16.15 Uhr Kurze Zeit später können wir den Wagen vor dem überdimensionalen Museumsbau in der Third Street parken und mit Dixon ins Innere des SFMOMA eilen. Wie nicht anders zu erwarten, bekomme ich an der Kasse die Auskunft erteilt, dass Hunden der Zutritt zu den Ausstellungshallen verwehrt bleibt. Weil ich nicht auf den Kopf gefallen bin, greife ich erneut auf Trick 17 zurück und gebe zu bedenken, dass ich am "grauen Star" leide und auf meinen Blindenhund nicht verzichten kann. Die kleine Frau am Eintrittskartenschalter entschuldigt sich vielmals und überreicht mir zwei Billets zu je 9 Dollars - das klappt wieder wie am Schnürchen. 
17.00 Uhr Während unseres lehrreichen Rundgangs kommen wir unter anderem in den Genuss, Gemälde von weltbekannten Künstlern wie Paul Klee, Henri Matisse und Jerry James Marshall zu bestaunen. Ich lasse die moderne Kunst jedoch links liegen und gebe mich einer Ausstellung mit dem Titel "Photographs of a Man - Altered Landscape" (löblich: Photografien eines Mannes - geänderte Landschaft) hin. Mit grossem Interesse begutachte ich Schwarz-Weiss Photos aus längst vergangenen Epochen und stelle klar, dass es Robert Adams, Lewis Baltz, Bernd Becher, Joe Deal, Frank Gohlke, Nicholas Nixon, John Schott, Stephen Shore und Henry Wessel wirklich verstehen, mit dem Photoapparat umzugehen. Edelbert legt seine Stirn in Falten und meint, dass es keine grosse Kunst ist, einen Strassenzug im "Big Apple" (löblich: grossen Apfel) abzulichten - papperlapapp. 
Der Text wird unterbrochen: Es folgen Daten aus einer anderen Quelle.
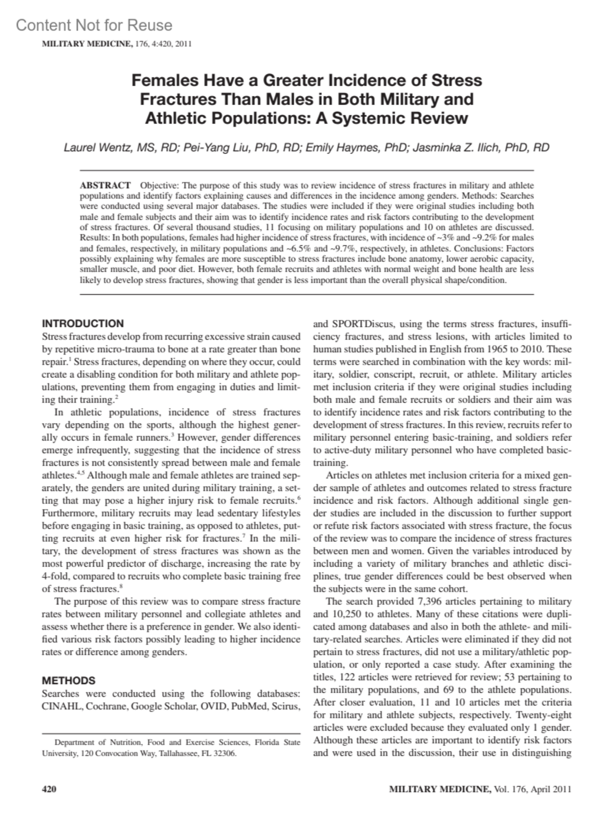 Females Have a Greater Incidence of Stress Fractures Than Males in Both Military and Athletic Populations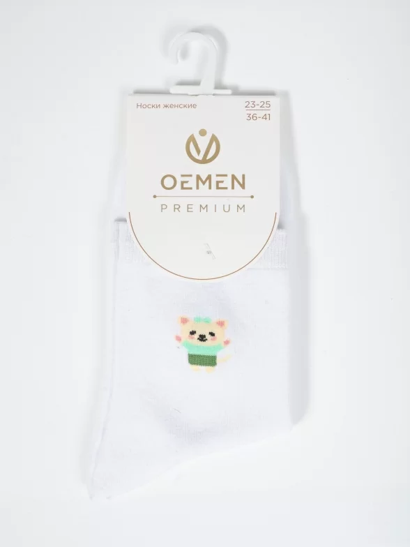 Круглогодичные укороченные женские носки, цвет белый, повседневные, шов обычный (не бесшовные), принт (рисунок): животные, состав: 97% хлопок, 2% полиамид, 1% лайкра, арт. UC05. Производитель «Oemen» Китай под брендом «Oemen».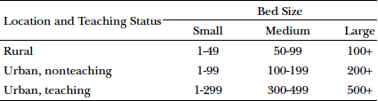 In Puerto Rico, according to the hospital profile data of the AHD, all the hospitals are listed as urban, nonteaching hospitals; therefore, we use the classification of the groups in accordance with NIS bed size categories: small (less than 99 beds), medium (100-199 beds), and large (more than 200 beds) (AHD, 2012).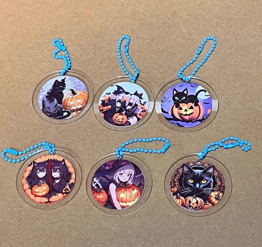 ハロウィンアートが入ったキーホルダーです。可愛い物からちょっと怖い物まで、TYPE-A~TYPE-Fまでの6種類用意しました。
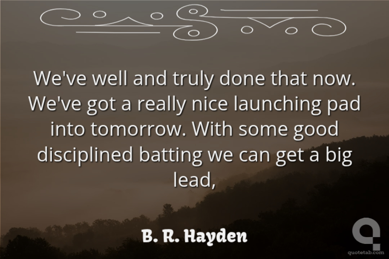 We've well and truly done that now. We've got a really nice launching pad into tomorrow. With some good disciplined batting we can get a big lead, B. R. Hayden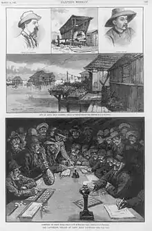 The first major wave of Asian immigration to the continental United States occurred primarily on the West Coast during the California Gold Rush, starting in the 1850s. Whereas, Chinese immigrants numbered less than 400 in 1848 and 25,000 by 1852.[14] Most Chinese immigrants in California, which they called Gam Saan ("Gold Mountain"), were also from the Guangdong province; they sought opportunity in the young United States, and hoped to earn wealth to send back to their families in China.[15] Asian immigrants were sought not only in California but across the US (including as far as North Adams, Massachusetts[16]), to fill the high demand for cheap labor in mines, factories, and on the Transcontinental Railroad. Some plantation owners in the South sought Chinese labor as a cheap means to replace the free labor of slavery.[17] Chinese laborers generally arrived in California with the help of brokers in Hong Kong and other ports under the credit-ticket system, where they would pay back money loaned from brokers with their wages upon arrival.[18] In addition to laborers, merchants also migrated from China, opening businesses and stores, including those that would form the beginnings of China towns.[19]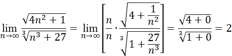 Wyłącz spod pierwiastka w liczniku i mianowniku najwyższą potęgę tak, aby po skróceniu obliczyć granicę ciągu: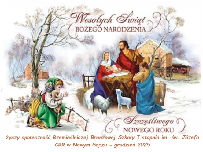 Wszystkim pracownikom Szkoły, Cechu, Izby, Rzemieślnikom, Rodzicom i naszym kochanym Uczniom składamy najpiękniejsze życzenia. Cudownych Świąt Bożego Narodzenia, samych pieknych dni w Nowym Roku 2026.
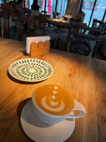 Очень приятное место! Были в обеденные время в субботу) супер ненавязчивое обслуживание. Вкусные позиции из меню! Съели абсолютно все, что подали! Обалденный кофе. Рекомендую. Чек выше среднего)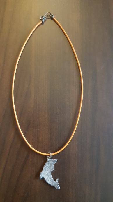 Metalni emajlirani privjesak na kožici. Kožica moze biti narančasta, zelena ili crna, sve po izboru kupca.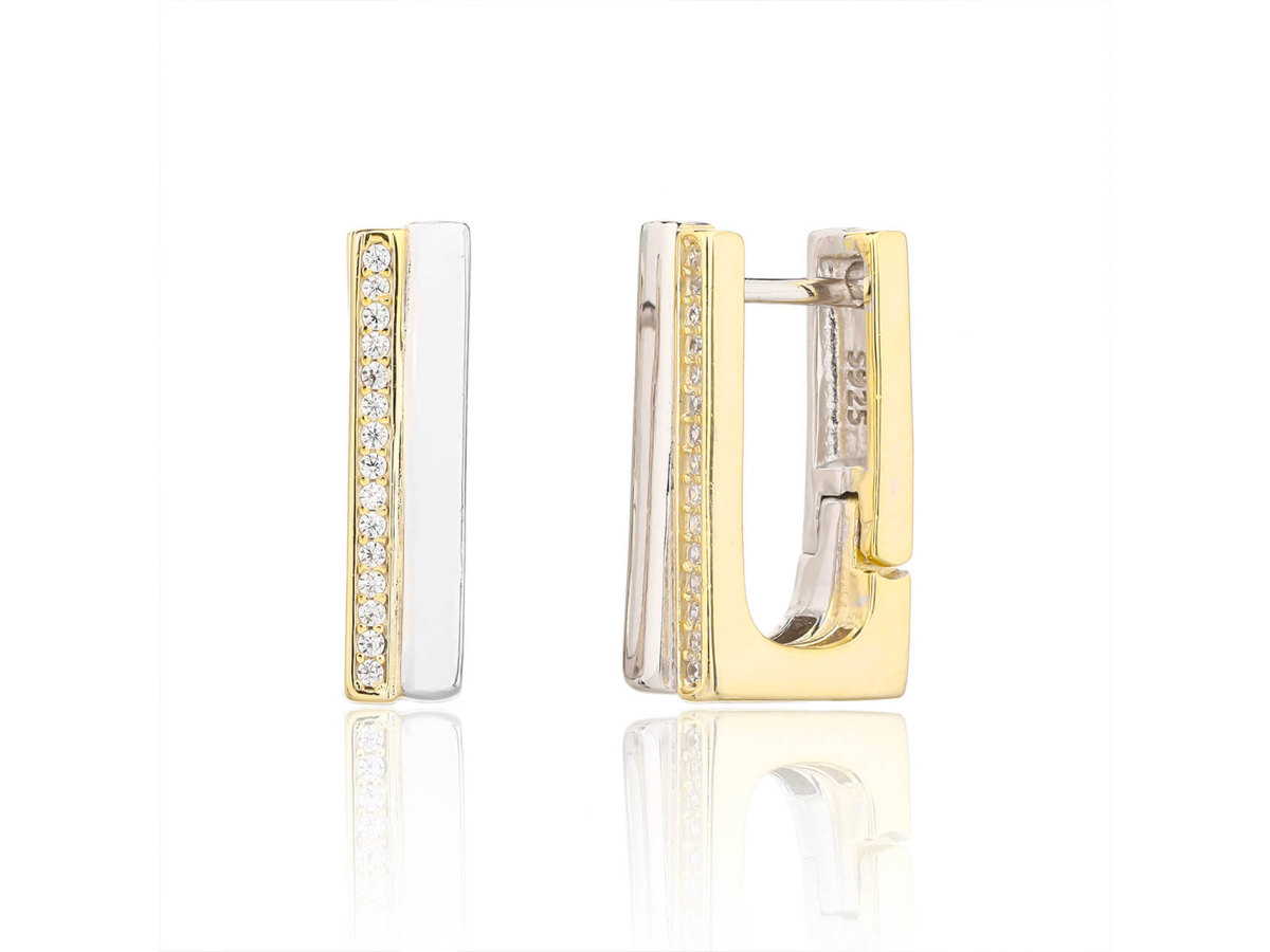 Stříbrné náušnice HRANOLKY se zirkony zlacené Ag 925/1000

18.00 Uhr Nach einer Stunde finden wir uns auf der Strasse wieder und können gutgelaunt zum Sheraton Hotel zurückfahren. Ich folge der Leavenworth Strasse nach Norden und bemerke, dass der JEEP Motor merkwürdige Kratzgeräusche von sich gibt. Edelbert macht sich ebenfalls Sorgen und vermutet, dass die Geräusche von der Nockenwelle stammen könnte - wie unlöblich.
18.30 Uhr Zurück im "Sheraton Fisherman's Wharf", lotse ich das Haustier und den Professor ins SOL Restaurant und gebe mich spendabel. Ich bestelle eine Flasche "2006 Cabernet Sauvignon" aus der "Paradigm Winery" (löblich: Paradigm Winzerei) in Oakville und ordere zudem zwei vitaminreiche New York Strip Steaks (löblich: New York Streifen Schnitzel) vom Grill mit Butterbohnen und Folienkartoffeln - das gibt ein Festessen. 
19.00 Uhr Während wir kraftvoll zubeissen und am Rebentrunk nippen, tratschen wir über unsere morgigen Aktivitäten und vereinbaren, dass wir der Episkopalkirche "Grace Cathedral"auf dem Nob Hill und der "Transamerica Pyramid" im Financial-District (löblich: Finanzdistrikt) einen Besuch abstatten könnten. Edelbert ist begeistert und schlägt vor, dass wir auch das Zentrum der Langhaarigen im Stadtteil "Haight-Ashbury" besichtigen sollten. 
20.00 Uhr Nachdem ich meine Kreditkarte mit 112 Dollars belastet und etwas Kleingeld auf dem Tisch hinterlassen habe, wünsche ich dem Professor eine gute Nacht. Ich ziehe mich gähnend auf mein Zimmer zurück und vergesse nicht, Hund Dixon ebenfalls ein Abendessen hinzustellen. Danach putze ich mir die Zähne und lege mich ins Bett, um noch etwas fernzusehen. Weil keine brechenden Neuigkeiten (unlöblich: Breaking News) auf CNN vorliegen, wähle ich das Qualitätsprogramm von FOX aus und fröne der lustigen Kochschau "Hell's Kitchen" (löblich: Höllenküche) mit dem schottischen Sternekoch Gordon Ramsay. Unter anderem werde ich Zeuge, wie der Küchenprofi schmackhafte Hühnerleber in einer Pfanne mit Teflonbeschichtung andünstet und mit einem Schuss Sherry verfeinert. HEUREKA - gleich läuft mir das Wasser im Munde zusammen.
21.00 Uhr Als der Abspann über den Flachbildschirm flimmert, schalte ich ab und schlafe schon bald ein. Gute Nacht.